More than just a credit purchase, the partnership signals growing confidence in Africa’s high-integrity carbon markets. It also reinforces Microsoft’s aggressive push to become carbon negative by 2030.

A Landmark Carbon Removal Deal in Africa

Rainforest Builder operates across Sierra Leone, Ghana, and Guinea, employing more than 2,500 people. The company follows a science-led, community-focused model that blends ecosystem restoration with economic development.

Under the Microsoft agreement, Project Buffalo will restore 15,000 hectares of degraded community land in Sierra Leone. The initiative will plant more than 10 million trees, rebuilding native forest ecosystems in the Upper Guinean Forest — one of the most biodiverse yet threatened rainforest regions in the world.

So far, Rainforest Builder’s Sierra Leone team has planted more than 1.8 million trees since 2023. The scale-up now underway will dramatically expand restoration efforts.
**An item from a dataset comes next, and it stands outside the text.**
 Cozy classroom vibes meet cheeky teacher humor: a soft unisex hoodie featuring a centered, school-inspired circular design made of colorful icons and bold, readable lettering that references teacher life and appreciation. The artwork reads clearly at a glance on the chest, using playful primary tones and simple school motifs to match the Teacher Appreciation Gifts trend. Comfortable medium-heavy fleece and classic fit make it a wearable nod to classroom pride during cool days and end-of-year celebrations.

Importantly, this is not a short-term offset arrangement. The 15-year offtake structure provides long-term revenue certainty. That stability helps finance restoration, workforce development, and monitoring systems. In turn, it raises the bar for project integrity and permanence.

Restoring the Upper Guinean Forest

The Upper Guinean Forest once stretched across West Africa as a dense tropical ecosystem rich in endemic species. Today, more than 90% of it has been cleared due to logging, agriculture, and land degradation.
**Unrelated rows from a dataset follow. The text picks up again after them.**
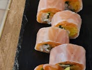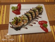 Futomaki z Tunczykiem na ostro w tempurze 6 szt.Tuńczyk na ostro w tempurze ,sałata , serek, awokado, rzepa.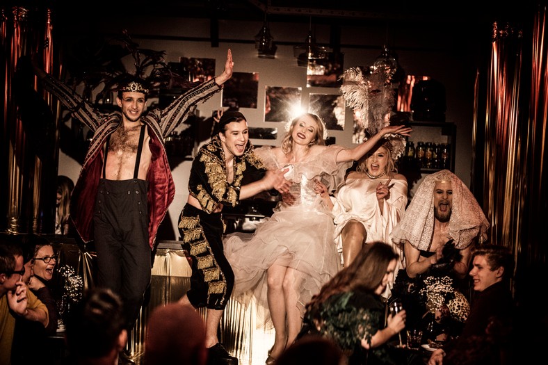 alternatywnie, wyjątkowo, podziemnie i tylko dla dorosłych.Przesadzam? To już spieszę z wyjaśnieniami. Podziemnie, bo spektakl "Nogi Syreny" grany jest w niewielkiej przestrzeni kawiarni teatru, która położona jest właśnie w podziemiach. Dla dorosłych... cóż, zarówno humor, treść, jak i pewne elementy spektaklu u młodszych może i by rozpalały wyobraźnię, tylko nie wiem czy byłyby do końca czytelne. Alternatywnie - cóż styl "Pożaru w burdelu" nie wszyscy lubią, a jeżeli miałbym do czego porównywać "Nogi" to właśnie do kultowych już w stolicy przedstawień. Piosenka, teatr, kabaret, show, groteska, dowcip, czyli wielki miszmasz, specyficzny i pewnie nie dla wszystkich. Może kogoś oburzy, zniesmaczy, ale wielu sprawi też ogromną frajdę, trzeba tylko poddać się tej specyficznej atmosferze. Jest wyjątkowo, bo też chyba mało kto wpadł na ten pomysł, by widz mógł poczuć się jak w danych kawiarniach w trakcie występów kabaretowych, nie siedział sztywno jak kołek, ale by mógł zjeść, wypić i w coraz luźniejszej atmosferze po prostu się bawić, a nie tylko obserwować.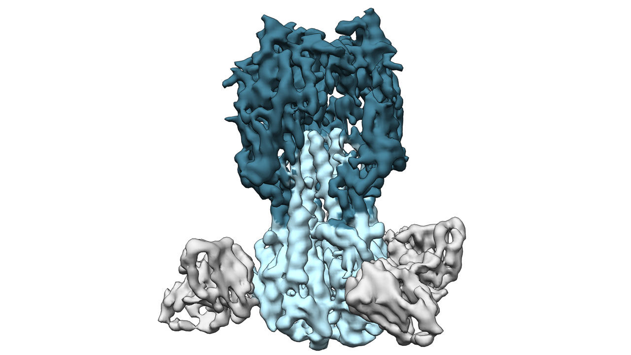 Các vaccine hiện nay tạo ra kháng thể nhắm vào phần đầu của hemagglutinin (HA) (màu xanh đậm). Vaccine mới tạo ra kháng thể (màu xám) bám vào phần cuống HA (màu xanh nhạt).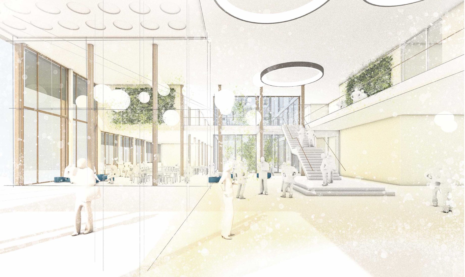 Das Gebäude soll neben begrünten Dachflächen auch mit begrünten Fassaden und Begrünungen im Innenraum versehen werden… das Gebäude als Teil des Grünzugs.

In Sierra Leone, old-growth forest now covers less than 1% of the country’s total land area. Many mammal and plant species survive only in isolated fragments. Without intervention, biodiversity loss could accelerate.

Project Buffalo aims to reverse that trend. By restoring native species across 15,000 hectares, the project will rebuild wildlife habitat, strengthen carbon sinks, and restore ecological connectivity. The region contains the highest number of mammal species among the world’s biodiversity hotspots. Many species exist nowhere else.

Forest restoration here delivers dual impact: measurable carbon removal and biodiversity recovery.

Unlike avoided deforestation projects, reforestation physically removes carbon dioxide from the atmosphere and stores it in biomass and soil. When executed with scientific oversight and long-term monitoring, these removals can be accurately measured and verified.

Rainforest Builder operates under the stewardship of a Scientific Advisory Board. The company collaborates with research institutions across West Africa and conducts field trials to optimize species-site matching. These trials improve survival rates and accelerate ecosystem recovery.

Jobs, Infrastructure, and Community Benefits

In 2025 alone, Project Buffalo directly employed 1,200 people. Employment is expected to grow significantly as planting expands toward the 10 million tree target.

Beyond wages, the project includes a broad benefit-sharing structure. This includes:

  • Community land leasing agreements
  • Smallholder agricultural improvement programs
  • Rural road infrastructure upgrades
  • A community development fund

This model ensures local communities remain long-term stakeholders in forest recovery.

Carbon Credits Could Unlock Billions for Africa’s Economy

Africa contributes just 3.9% of global CO₂ emissions. Yet it faces some of the most severe climate impacts, including extreme weather, crop loss, and land degradation. Carbon markets, therefore, represent more than an environmental solution — they present an economic development pathway.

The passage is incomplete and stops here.